** Information supplied **
______________________________

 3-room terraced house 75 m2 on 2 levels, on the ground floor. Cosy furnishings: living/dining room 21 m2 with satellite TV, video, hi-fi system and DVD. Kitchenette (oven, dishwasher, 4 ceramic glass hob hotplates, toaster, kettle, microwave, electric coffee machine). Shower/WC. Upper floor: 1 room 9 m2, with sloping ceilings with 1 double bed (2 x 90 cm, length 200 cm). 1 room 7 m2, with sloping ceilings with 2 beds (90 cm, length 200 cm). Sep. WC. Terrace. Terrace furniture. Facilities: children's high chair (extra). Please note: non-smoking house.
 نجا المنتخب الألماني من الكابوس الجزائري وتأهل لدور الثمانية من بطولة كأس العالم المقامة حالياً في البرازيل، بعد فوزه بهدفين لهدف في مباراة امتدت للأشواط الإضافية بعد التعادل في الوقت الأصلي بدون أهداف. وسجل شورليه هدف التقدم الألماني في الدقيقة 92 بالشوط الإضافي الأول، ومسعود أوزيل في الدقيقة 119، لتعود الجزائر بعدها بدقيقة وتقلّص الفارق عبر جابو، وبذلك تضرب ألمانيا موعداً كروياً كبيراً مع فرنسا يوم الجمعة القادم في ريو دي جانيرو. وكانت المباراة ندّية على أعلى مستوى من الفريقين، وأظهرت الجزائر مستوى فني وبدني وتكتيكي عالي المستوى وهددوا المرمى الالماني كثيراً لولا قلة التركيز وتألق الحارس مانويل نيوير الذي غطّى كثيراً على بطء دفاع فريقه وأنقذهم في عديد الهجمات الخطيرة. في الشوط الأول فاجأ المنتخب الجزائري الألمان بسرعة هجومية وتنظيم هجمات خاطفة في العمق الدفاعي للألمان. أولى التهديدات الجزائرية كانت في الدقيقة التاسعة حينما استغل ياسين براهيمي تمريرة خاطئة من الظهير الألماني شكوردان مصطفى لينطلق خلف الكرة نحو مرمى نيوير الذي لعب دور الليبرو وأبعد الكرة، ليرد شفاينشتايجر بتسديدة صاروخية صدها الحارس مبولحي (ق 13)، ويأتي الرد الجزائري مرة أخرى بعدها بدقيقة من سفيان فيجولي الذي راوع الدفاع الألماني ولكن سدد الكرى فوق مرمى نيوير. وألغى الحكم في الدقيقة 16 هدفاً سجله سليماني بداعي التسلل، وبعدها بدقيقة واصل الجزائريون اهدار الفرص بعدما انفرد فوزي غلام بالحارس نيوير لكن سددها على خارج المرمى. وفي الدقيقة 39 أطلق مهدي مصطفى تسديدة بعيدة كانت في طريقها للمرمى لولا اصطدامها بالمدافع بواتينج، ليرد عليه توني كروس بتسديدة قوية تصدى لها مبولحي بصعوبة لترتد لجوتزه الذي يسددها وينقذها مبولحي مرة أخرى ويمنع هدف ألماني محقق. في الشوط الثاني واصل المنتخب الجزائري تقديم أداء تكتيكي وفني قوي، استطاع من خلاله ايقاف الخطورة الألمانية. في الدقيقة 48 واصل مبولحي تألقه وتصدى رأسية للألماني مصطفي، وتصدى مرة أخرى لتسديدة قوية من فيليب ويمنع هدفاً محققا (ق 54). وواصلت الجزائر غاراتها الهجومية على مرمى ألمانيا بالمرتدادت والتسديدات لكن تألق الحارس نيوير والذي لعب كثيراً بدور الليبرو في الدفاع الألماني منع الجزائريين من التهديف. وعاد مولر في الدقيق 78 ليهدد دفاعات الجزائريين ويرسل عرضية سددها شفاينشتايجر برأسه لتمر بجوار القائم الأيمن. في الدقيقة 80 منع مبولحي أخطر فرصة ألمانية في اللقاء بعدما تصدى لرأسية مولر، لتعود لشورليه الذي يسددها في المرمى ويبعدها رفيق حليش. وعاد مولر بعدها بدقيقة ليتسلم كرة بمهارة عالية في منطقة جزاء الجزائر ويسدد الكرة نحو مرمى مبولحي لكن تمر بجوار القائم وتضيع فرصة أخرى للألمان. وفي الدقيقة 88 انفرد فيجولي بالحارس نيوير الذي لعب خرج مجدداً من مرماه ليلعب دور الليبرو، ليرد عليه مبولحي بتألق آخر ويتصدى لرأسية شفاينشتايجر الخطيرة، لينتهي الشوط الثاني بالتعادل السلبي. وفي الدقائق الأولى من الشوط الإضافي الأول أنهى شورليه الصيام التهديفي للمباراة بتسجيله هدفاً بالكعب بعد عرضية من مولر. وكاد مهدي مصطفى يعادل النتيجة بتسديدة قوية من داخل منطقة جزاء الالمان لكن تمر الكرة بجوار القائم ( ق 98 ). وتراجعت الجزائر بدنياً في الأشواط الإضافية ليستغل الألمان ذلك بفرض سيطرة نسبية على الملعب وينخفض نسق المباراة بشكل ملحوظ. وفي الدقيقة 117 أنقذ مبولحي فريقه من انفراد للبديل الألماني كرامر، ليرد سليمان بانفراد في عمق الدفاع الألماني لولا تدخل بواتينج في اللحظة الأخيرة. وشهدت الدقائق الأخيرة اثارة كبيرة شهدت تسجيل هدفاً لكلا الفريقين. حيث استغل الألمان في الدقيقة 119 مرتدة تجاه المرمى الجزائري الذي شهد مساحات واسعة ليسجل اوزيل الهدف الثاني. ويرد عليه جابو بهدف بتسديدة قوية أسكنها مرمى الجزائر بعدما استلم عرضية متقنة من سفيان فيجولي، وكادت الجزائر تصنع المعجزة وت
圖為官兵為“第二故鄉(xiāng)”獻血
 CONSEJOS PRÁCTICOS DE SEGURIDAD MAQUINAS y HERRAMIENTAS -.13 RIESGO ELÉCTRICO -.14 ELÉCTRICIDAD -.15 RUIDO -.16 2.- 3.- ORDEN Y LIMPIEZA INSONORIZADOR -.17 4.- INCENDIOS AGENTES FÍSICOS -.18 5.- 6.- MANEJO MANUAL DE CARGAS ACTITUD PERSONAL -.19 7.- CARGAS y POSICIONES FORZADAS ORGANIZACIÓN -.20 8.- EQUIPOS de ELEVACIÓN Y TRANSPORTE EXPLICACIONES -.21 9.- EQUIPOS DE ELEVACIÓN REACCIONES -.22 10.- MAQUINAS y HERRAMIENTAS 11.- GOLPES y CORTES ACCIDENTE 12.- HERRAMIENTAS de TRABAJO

______________________________

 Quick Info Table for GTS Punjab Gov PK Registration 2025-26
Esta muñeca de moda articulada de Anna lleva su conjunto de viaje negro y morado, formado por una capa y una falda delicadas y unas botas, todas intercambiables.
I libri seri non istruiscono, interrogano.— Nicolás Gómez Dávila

______________________________

** Exercise aim **
Please reproduce the lines from the line with "Esta muñeca de" to the line with "I libri seri", both ends included, exactly as they appear above.

** The completed task **
Esta muñeca de moda articulada de Anna lleva su conjunto de viaje negro y morado, formado por una capa y una falda delicadas y unas botas, todas intercambiables.
I libri seri non istruiscono, interrogano.— Nicolás Gómez Dávila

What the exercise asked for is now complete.